Reagan so clearly described the interplay between freedom from government regulation and prosperity when he told us, “What does it mean whether you hold the deed to the — or the title to your business or property if the government holds the power of life and death over that business or property? And such machinery already exists. The government can find some charge to bring against any concern it chooses to prosecute. Every businessman has his own tale of harassment. Somewhere a perversion has taken place. Our natural, unalienable rights are now considered to be a dispensation of government, and freedom has never been so fragile, so close to slipping from our grasp as it is at this moment.”

Now is the time to renew the moral argument for capitalism as a new generation emerges from liberals’ failed experiment to recover from the Great Recession. From 2008 until 2016, liberal theory spectacularly failed to materialize a viable recovery as trillions of dollars in stimulus washed over the United States in a tidal wave of nothing.

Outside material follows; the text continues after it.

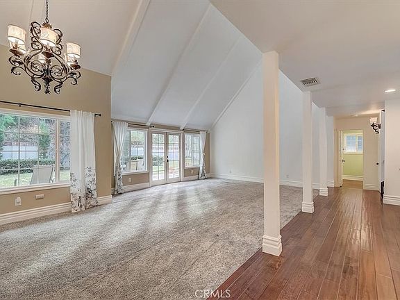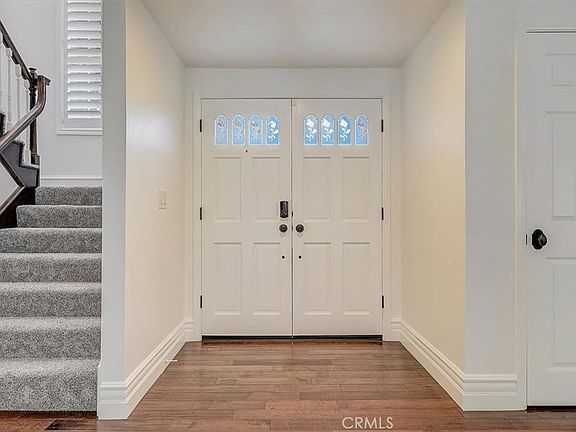 Stunning, Cape Cod home located in sought-after Anaheim Hills. Warm wood floors, custom wood finishes and large, light-catching windows throughout add to the elegance of the bright and open floorplan. Enter the double doors to the open and inviting living room offering gorgeous vaulted ceiling with impressive exposed beams and French doors to the backyard. The neighboring family room offers a cozy brick fireplace and opens to the kitchen. The Chef's kitchen is well appointed with granite counters, fresh white cabinets, dual ovens and a breakfast nook with French doors to the backyard. A main floor bedroom offers convenience and privacy for guests, or is perfect for use as a home office. Upstairs, the primary bedroom retreat offers a sitting area with a cozy brick fireplace, dual closets and an en-suite primary bathroom with a claw-footed soaking tub, dual sinks and a luxurious walk-in shower. Down the hall balcony overlooking the living room, a secondary bedroom is generously sized and features an en-suite full bathroom. Additional features include a whole-house fan, a three-car garage with plenty of storage space and an extended driveway for added parking. Relax or entertain in the sprawling backyard featuring a brick-lined patio and lush green grass.

In contrast, a short 20-month period of allowing American business to taste a little regulatory freedom and tax relief have led to a hiring and investment binge that makes us feel the ghost of the Gipper walks among us.

Perhaps this is exactly why we see so much ink spilled distracting from President Trump’s successes with Russian fairy tales and Melania Trump’s shoes. Liberals need to distract the public from yet another vindication of capitalism. President Trump is copying Reagan’s formula and achieving Reagan’s results, to the dismay of all the best economists. One can imagine liberal economists paraphrasing Brutus in Shakespeare’s play, “Oh, Reagan, you are still powerful. Your ghost walks the earth.”

Every generation must fight for these freedoms. The siren song of communism has caused almost every major famine in the last 100 years. In contrast, capitalism feeds the hungry, employs the unemployed, and tends to enrich only those who deliver goods faster and cheaper. Capitalism hates waste and pollution and constantly innovates ways to minimize both. There is still a chance in this country for freedom to triumph.